━━ Records for this exercise
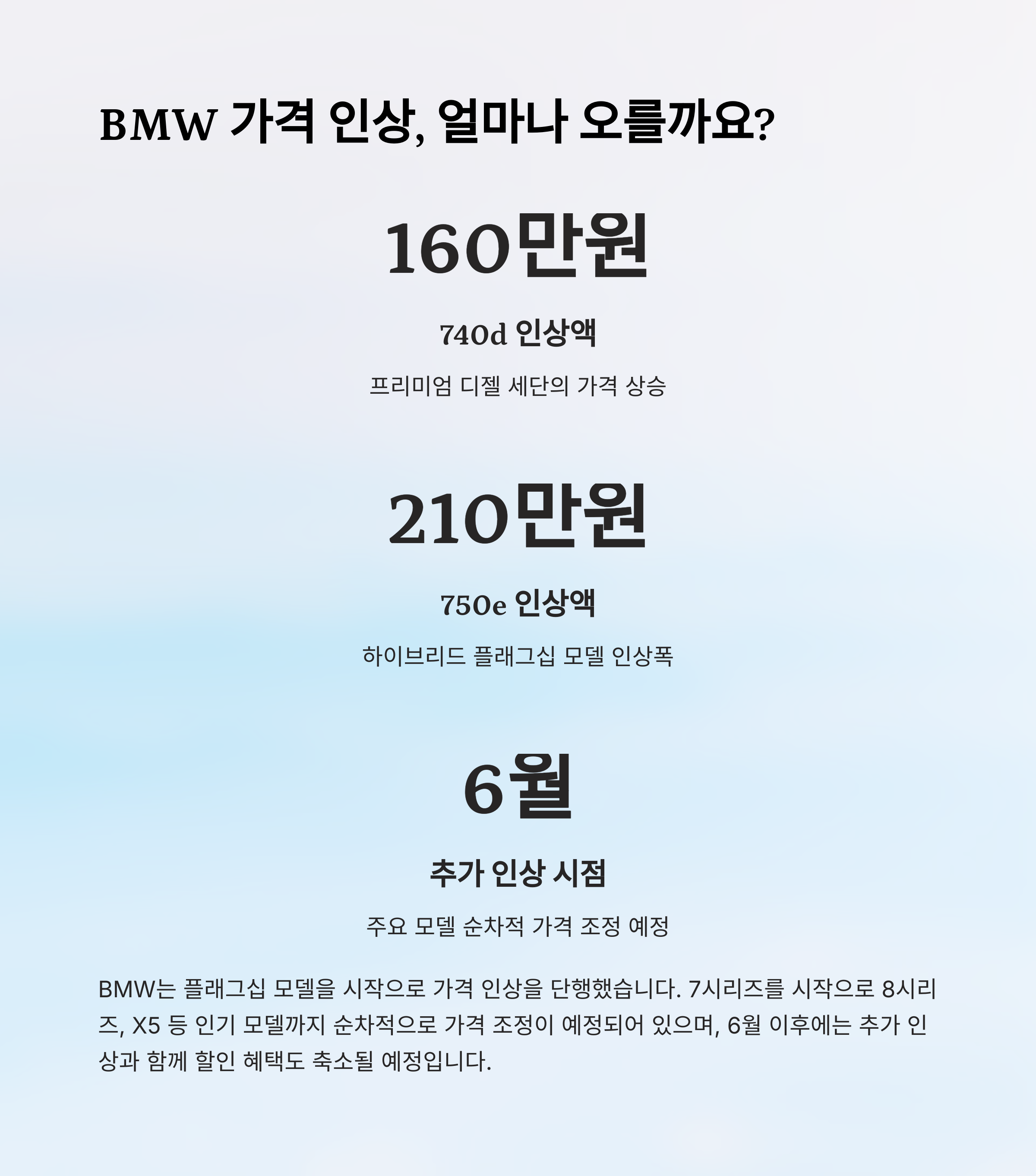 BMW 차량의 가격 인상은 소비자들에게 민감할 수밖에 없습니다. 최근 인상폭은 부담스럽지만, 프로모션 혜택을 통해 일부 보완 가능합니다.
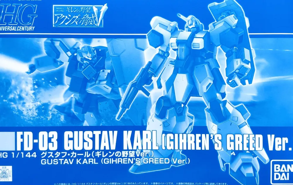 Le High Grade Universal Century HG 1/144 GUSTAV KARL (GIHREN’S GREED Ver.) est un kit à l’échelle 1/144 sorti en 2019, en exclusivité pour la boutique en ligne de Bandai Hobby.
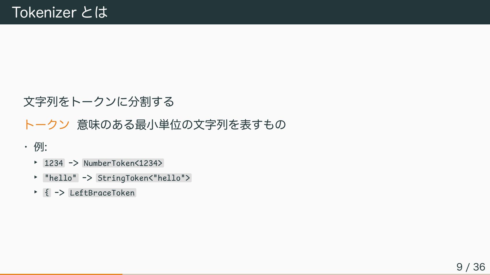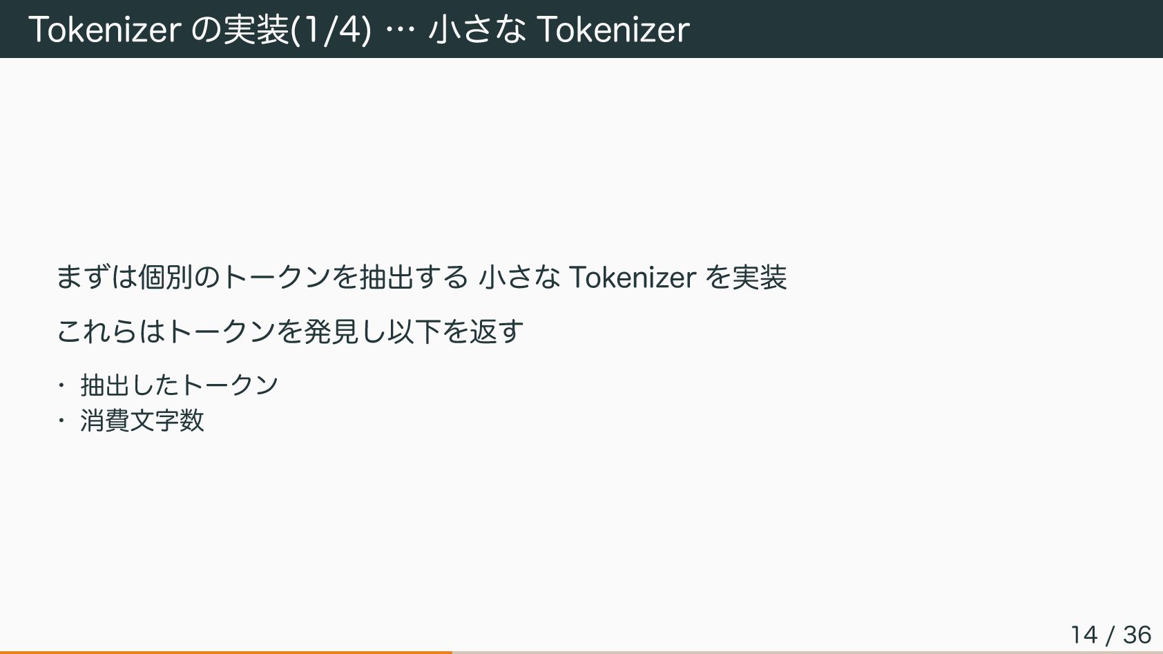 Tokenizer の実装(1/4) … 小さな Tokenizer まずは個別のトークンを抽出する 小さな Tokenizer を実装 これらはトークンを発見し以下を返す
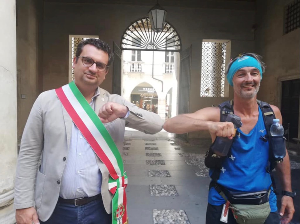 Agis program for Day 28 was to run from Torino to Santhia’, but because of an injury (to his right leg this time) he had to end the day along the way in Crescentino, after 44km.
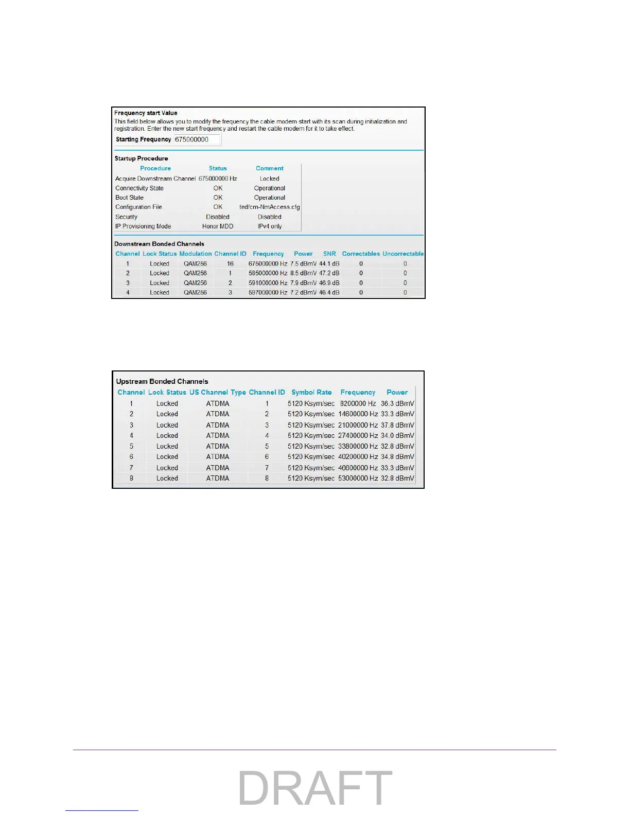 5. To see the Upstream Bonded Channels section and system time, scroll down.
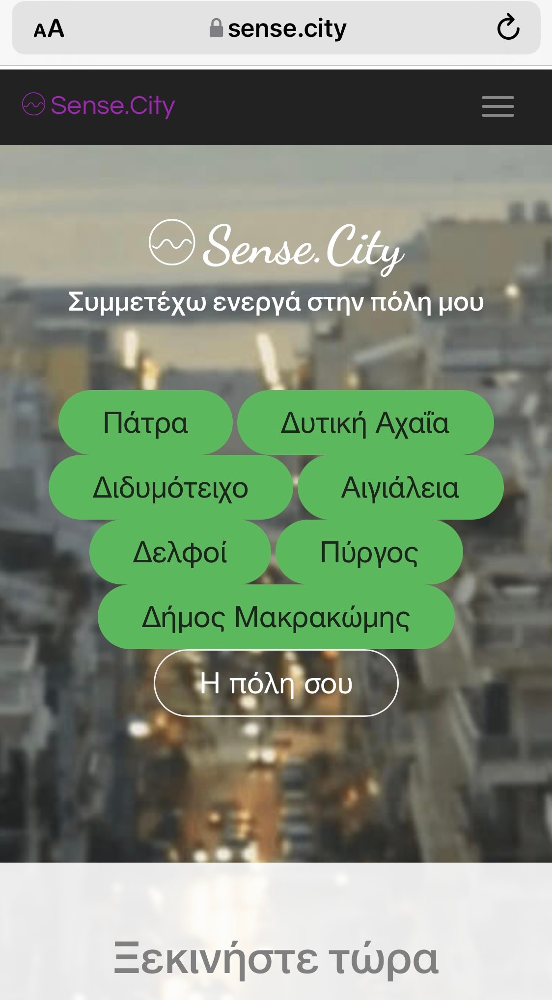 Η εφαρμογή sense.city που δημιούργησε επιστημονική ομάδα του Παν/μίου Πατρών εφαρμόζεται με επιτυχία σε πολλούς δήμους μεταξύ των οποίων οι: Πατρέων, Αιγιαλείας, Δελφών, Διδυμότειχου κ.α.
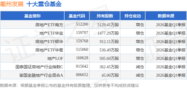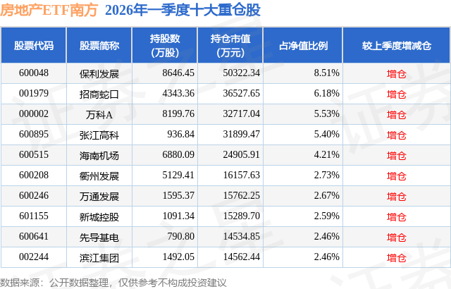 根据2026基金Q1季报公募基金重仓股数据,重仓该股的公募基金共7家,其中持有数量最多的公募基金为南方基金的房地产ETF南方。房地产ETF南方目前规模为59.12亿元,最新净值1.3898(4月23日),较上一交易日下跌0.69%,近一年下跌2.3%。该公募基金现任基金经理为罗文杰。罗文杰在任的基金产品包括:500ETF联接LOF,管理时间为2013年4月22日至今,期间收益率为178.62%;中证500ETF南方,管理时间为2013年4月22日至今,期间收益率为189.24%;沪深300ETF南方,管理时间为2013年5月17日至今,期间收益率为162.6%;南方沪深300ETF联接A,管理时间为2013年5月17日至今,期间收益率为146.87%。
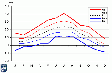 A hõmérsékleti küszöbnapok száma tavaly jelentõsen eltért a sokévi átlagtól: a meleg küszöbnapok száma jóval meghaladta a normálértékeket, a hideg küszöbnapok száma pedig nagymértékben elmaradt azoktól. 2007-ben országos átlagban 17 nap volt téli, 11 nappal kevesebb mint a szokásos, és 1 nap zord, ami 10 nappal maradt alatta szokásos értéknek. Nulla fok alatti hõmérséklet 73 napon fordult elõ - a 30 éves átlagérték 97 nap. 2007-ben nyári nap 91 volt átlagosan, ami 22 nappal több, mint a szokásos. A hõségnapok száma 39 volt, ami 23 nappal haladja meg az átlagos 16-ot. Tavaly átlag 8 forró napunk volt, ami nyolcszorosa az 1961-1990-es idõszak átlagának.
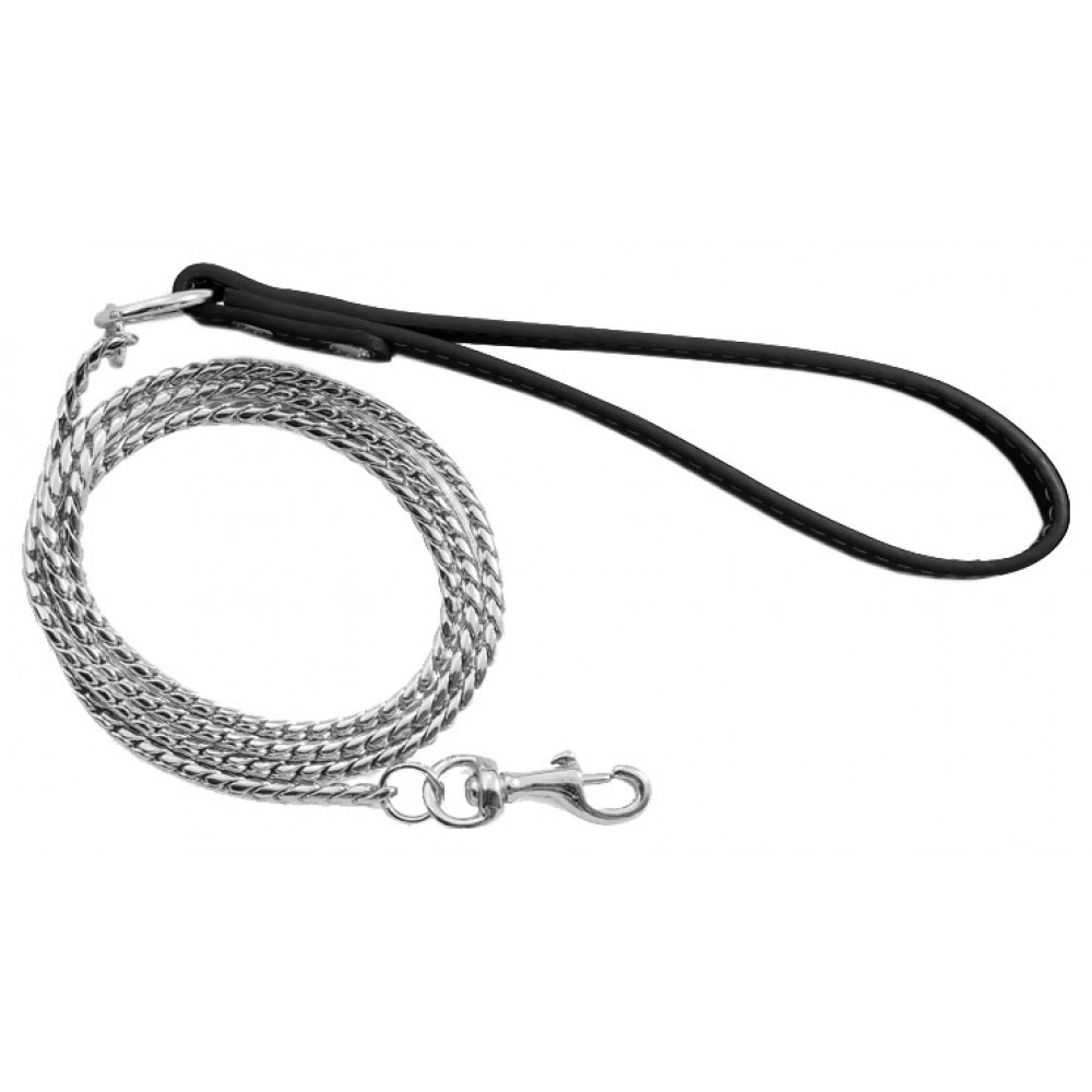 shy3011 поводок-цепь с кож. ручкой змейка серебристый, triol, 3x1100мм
━━━━
* Prompt *
The required output is a verbatim repetition of the lines from the opening of the entries above through the line containing "Tokenizer の実装(1/4) …", inclusive, with no pictures and nothing else.

* Exercise result *
 BMW 차량의 가격 인상은 소비자들에게 민감할 수밖에 없습니다. 최근 인상폭은 부담스럽지만, 프로모션 혜택을 통해 일부 보완 가능합니다.
 Le High Grade Universal Century HG 1/144 GUSTAV KARL (GIHREN’S GREED Ver.) est un kit à l’échelle 1/144 sorti en 2019, en exclusivité pour la boutique en ligne de Bandai Hobby.
 Tokenizer の実装(1/4) … 小さな Tokenizer まずは個別のトークンを抽出する 小さな Tokenizer を実装 これらはトークンを発見し以下を返す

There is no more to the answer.